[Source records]
+ + + +
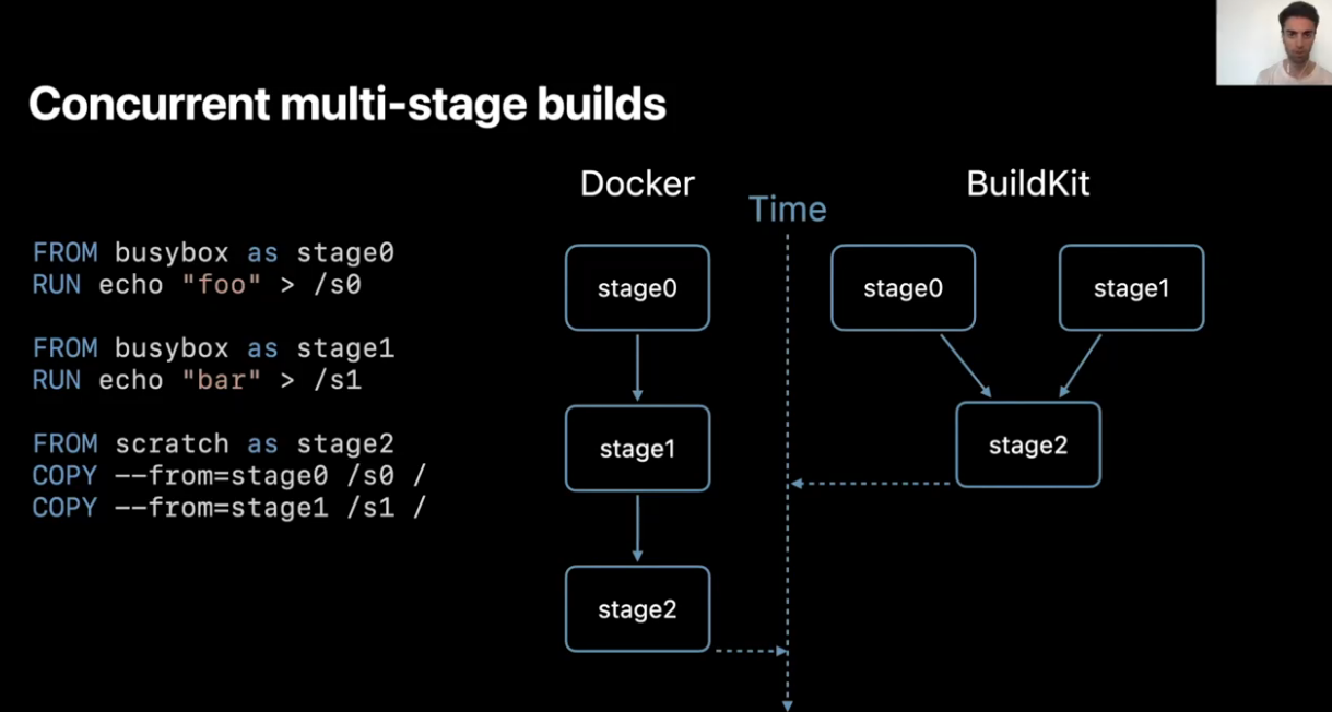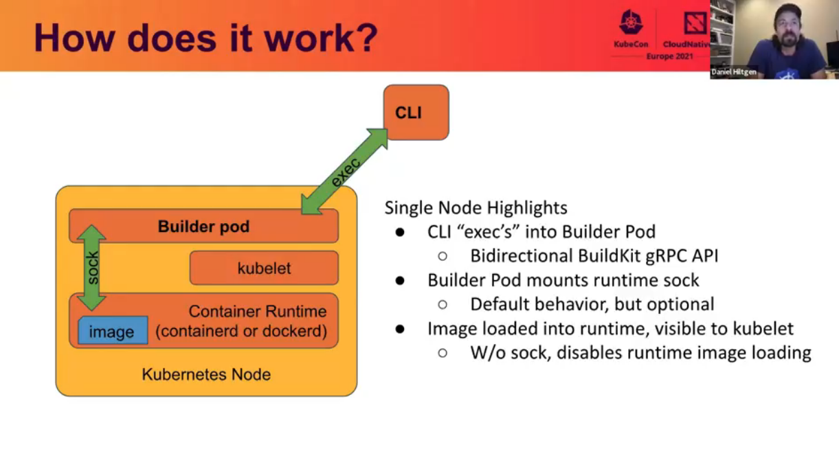 Gautier Delorme outlined the features of BuildKit (better caching for image builds, build-time secrets, multiple output formats) and how Apple is leveraging these in their “BuildKit farm” running on Kubernetes, which builds images for CI and production.
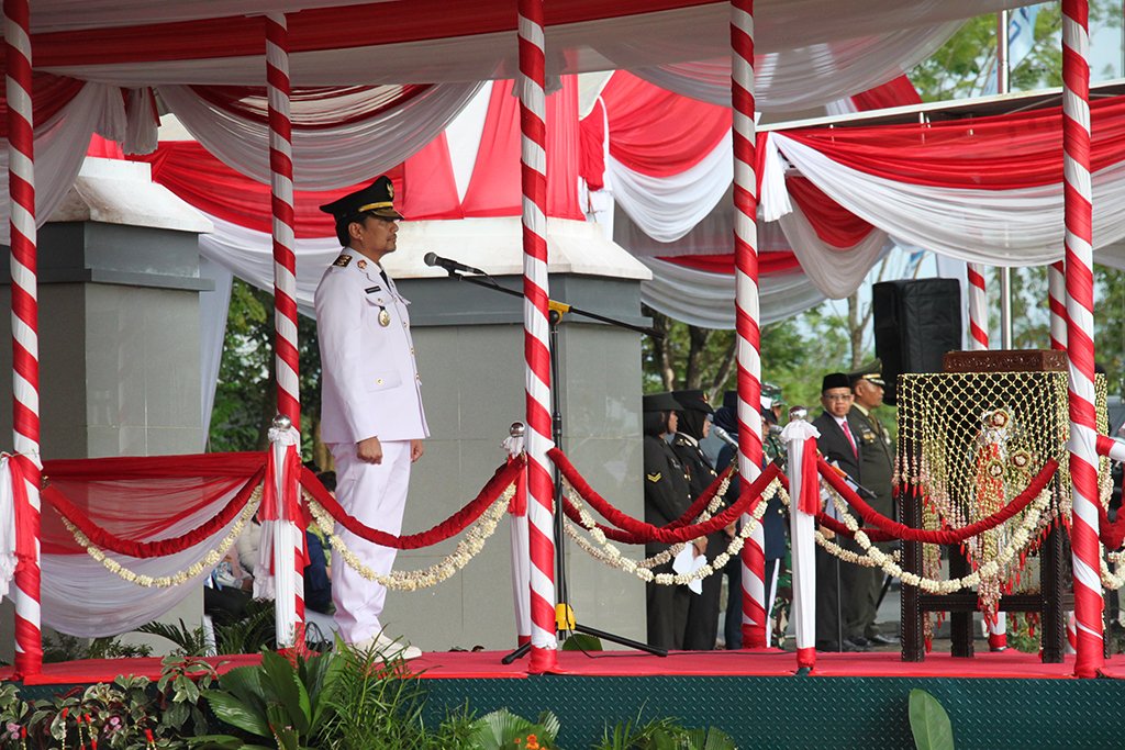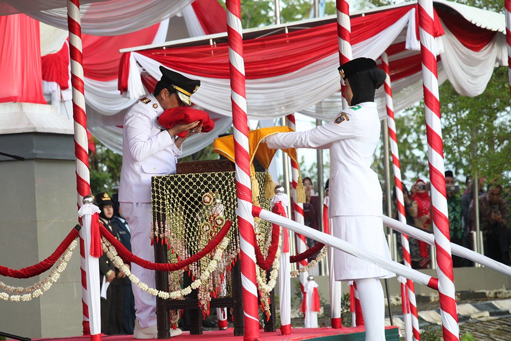 Hasnuryadi menyampaikan rasa syukur atas kelancaran jalannya prosesi penurunan bendera merah putih.
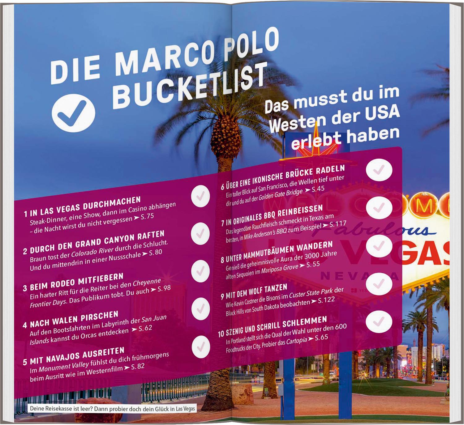 Mit dem MARCO POLO Reiseführer USA West hast du alle Regionen im Überblick: Von Kalifornien, über den Nordwesten mit Seattle und Portland, die Rocky Mountains mit Salt Lake City über den Südwesten mit Las Vegas bis nach Texas. In deinem MARCO POLO Reiseführer findest du alles, was du für deinen Urlaub brauchst: Wissenswertes zum Reiseziel und zur Anreise, Tipps für Übernachtungen, Shopping, Sport und einzigartige Erlebnistouren.
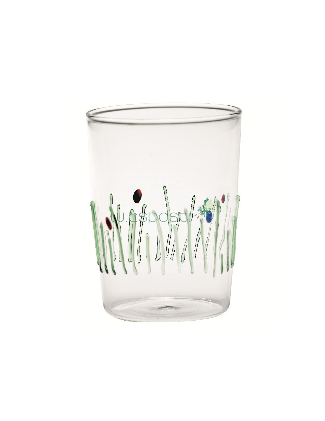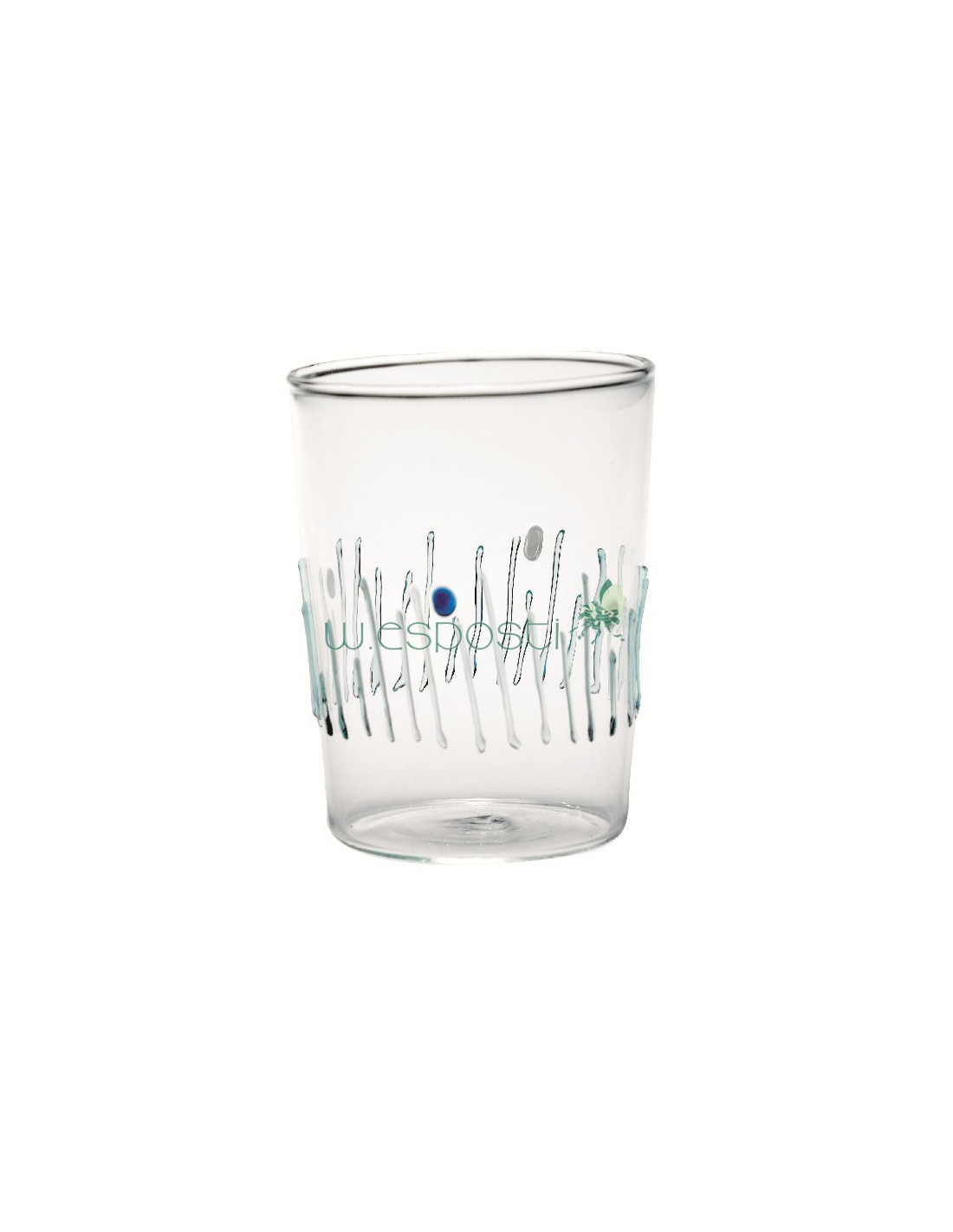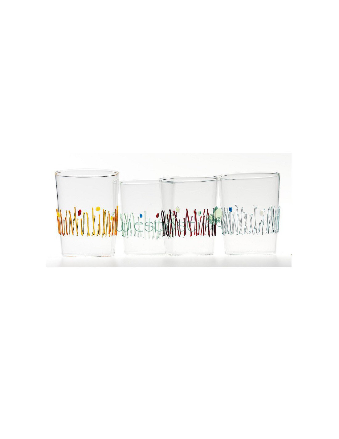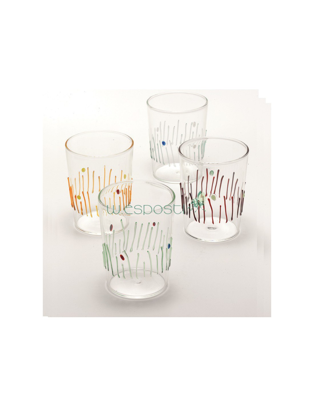 Set di 4 bicchieri disegnati del maetro muranese Federico De Majo simboleggianti i colori delle 4 stagioni, bianco e blu per l'inverno , verde e rosso per la primavera , giallo e
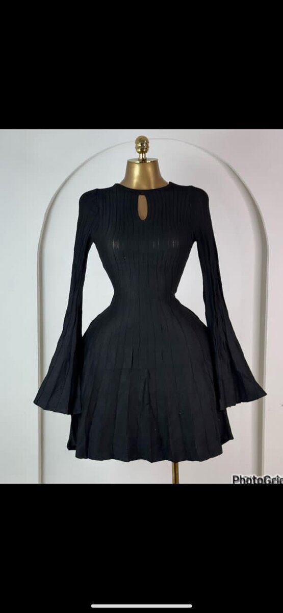 Cette robe évasée noire est parfaite pour ajouter une touche d'élégance à votre garde-robe. Fabriquée avec un tissu doux et fluide, elle offre un confort exceptionnel tout en mettant en valeur votre silhouette. Avec ses manches longues et son petit détail au col, elle convient pour les soirées habillées ou un dîner chic. Style intemporel qui s’harmonise avec divers accessoires pour différentes occasions. Idéale pour impressionner et se sentir confiante.
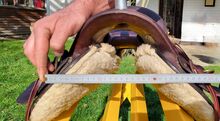 Zie de foto's voor afmetingen en conditie. EN: De kat van de boerderij heeft helaas besloten om ons zadel als slaap- en speelplek te gebruiken, let op de krassen!
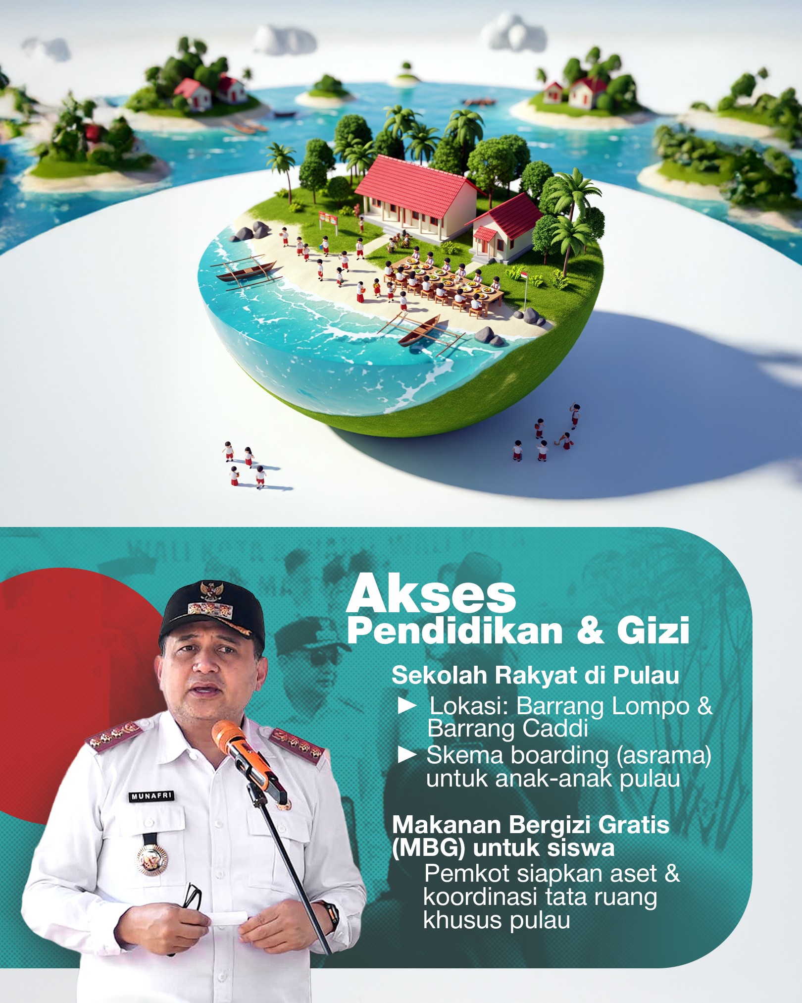 Sebagai wujud komitmen tersebut, Pemerintah Kota Makassar akan mendirikan Sekolah Rakyat dengan skema boarding school (asrama) di Pulau Barrang Lompo dan Barrang Caddi.
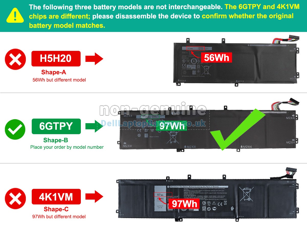 All batteries sold on DellLaptopBattery.co.uk are replacement parts. DellLaptopBattery.co.uk doesn't affiliate with any of the original manufacturers. Any registered trademarks or model names listed above are identified as purposes of showing compatibility only.
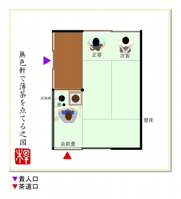 JUGEMテーマ:お茶を楽しむ生活五畳シリーズの2回目。※丸畳四畳の客座と丸畳一畳の点前座で構成された茶室のことをいいます。 無色軒(むしきけん)京都市上京区小川町、裏千家今日庵に残されている茶室遺構の一つ。七代の竺叟宗乾が好んだと伝えられ、天明大火後に再建されました。■好み:竺叟宗乾■広さ:五畳 榑縁(くれえん)・風炉先柱■八炉区分:向切本勝手■床の間位置:客座下座壁床■類似間取りの茶室:なし「無色軒で薄茶を点てる。」の図。※建水を進め、居ずまいを正した場面。■間取り概略、特徴。全体は六畳の広さ。左側の...
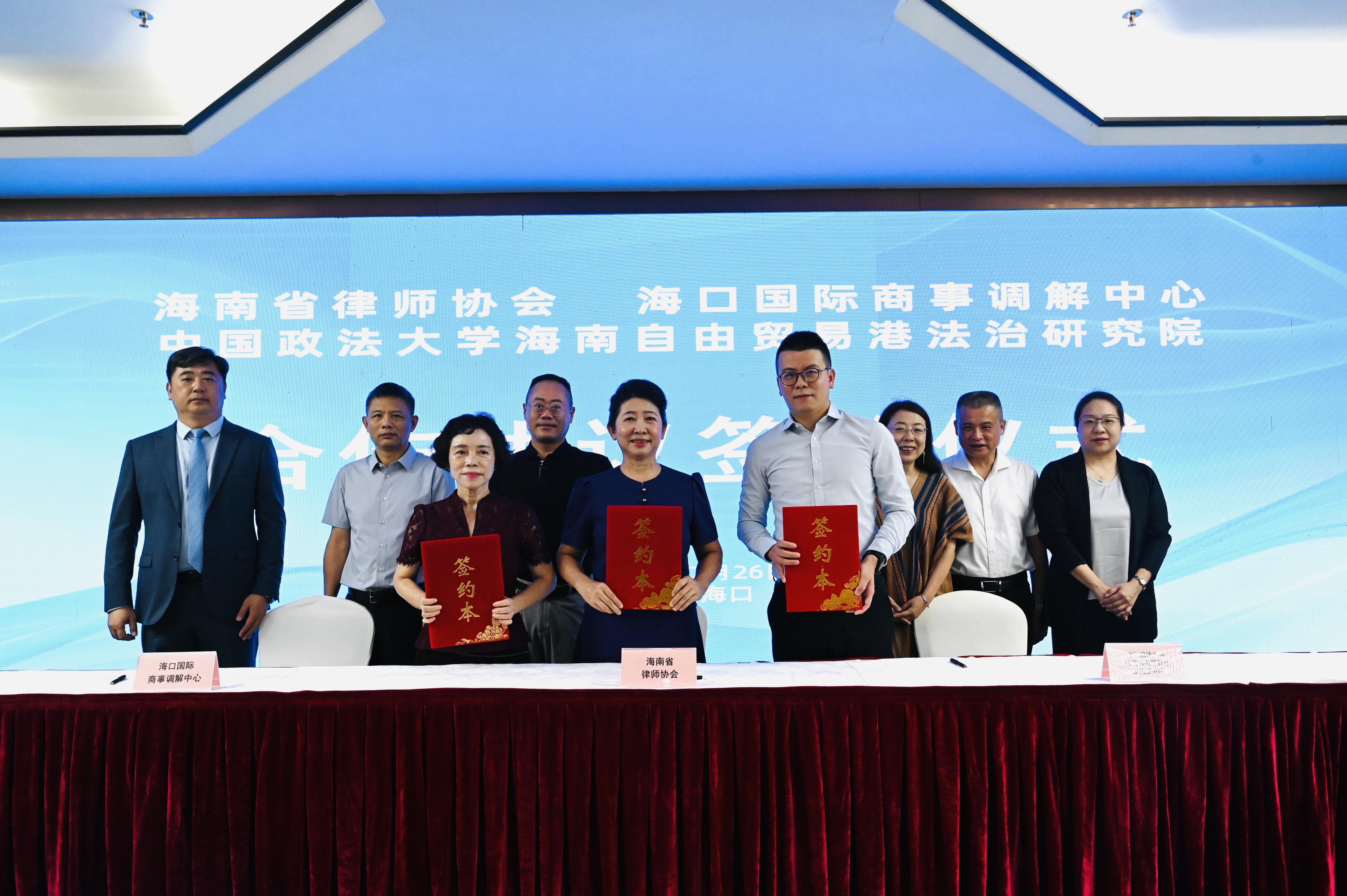 7月26日上午,海南省律師協會、海口國際商事調解中心、中國政法大學海南自由貿易港法治研究院合作協議簽約儀式暨海南自由貿易港法治政府建設主題講座在??谂e行。
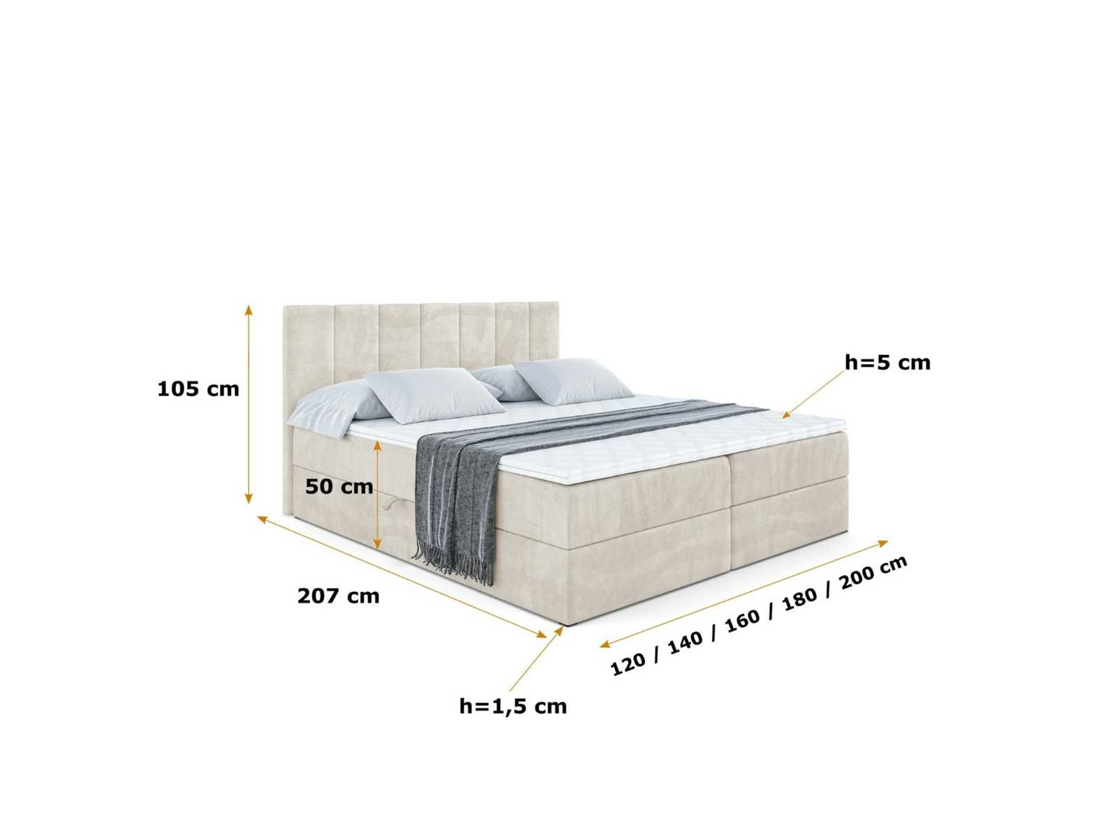 Materiaal Hout Fluwelen relatie Kleur Casablanca Beige Slaapkamer Moderne stijl Lengte 207 cm Breedte 160 cm Hoogte 105 cm Afmetingen 160 x 200 cm Lengte van het slaapgebied 200 cm Breedte van het slaapgebied 160 cm Liggende hoogte 55 cm stevigheid van het H3-matras Matrashoogte 20 cm matras Bonell veervering Topkleur: Wit Hoedhoogte 5 cm Schuimmatras toppermateriaal Bed Box Ja Aantal bedbakken 2 Hoogte van de bodem 30 cm Hoofdeinde hoogte 105 cm Materiaal van de plastic voeten Beenhoogte 2 cm Hoofdbord dikte 8 cm Dikte van de voetsectie 7 cm Opgevulde rug Nee H3-matras: Bonnell veerkern en PUR-schuim – ideaal voor wie een iets zachter en elastischer slaapgevoel prefereert (vooral geschikt voor lichte of zijslapers). Non
+ + + +
- **Try it**: Give back only the lines from the one that carries "7月26日上午,海南省律師協" through the final line above, both included. Drop all pictures.

- **Response to this task**:
 7月26日上午,海南省律師協會、海口國際商事調解中心、中國政法大學海南自由貿易港法治研究院合作協議簽約儀式暨海南自由貿易港法治政府建設主題講座在??谂e行。
 Materiaal Hout Fluwelen relatie Kleur Casablanca Beige Slaapkamer Moderne stijl Lengte 207 cm Breedte 160 cm Hoogte 105 cm Afmetingen 160 x 200 cm Lengte van het slaapgebied 200 cm Breedte van het slaapgebied 160 cm Liggende hoogte 55 cm stevigheid van het H3-matras Matrashoogte 20 cm matras Bonell veervering Topkleur: Wit Hoedhoogte 5 cm Schuimmatras toppermateriaal Bed Box Ja Aantal bedbakken 2 Hoogte van de bodem 30 cm Hoofdeinde hoogte 105 cm Materiaal van de plastic voeten Beenhoogte 2 cm Hoofdbord dikte 8 cm Dikte van de voetsectie 7 cm Opgevulde rug Nee H3-matras: Bonnell veerkern en PUR-schuim – ideaal voor wie een iets zachter en elastischer slaapgevoel prefereert (vooral geschikt voor lichte of zijslapers). Non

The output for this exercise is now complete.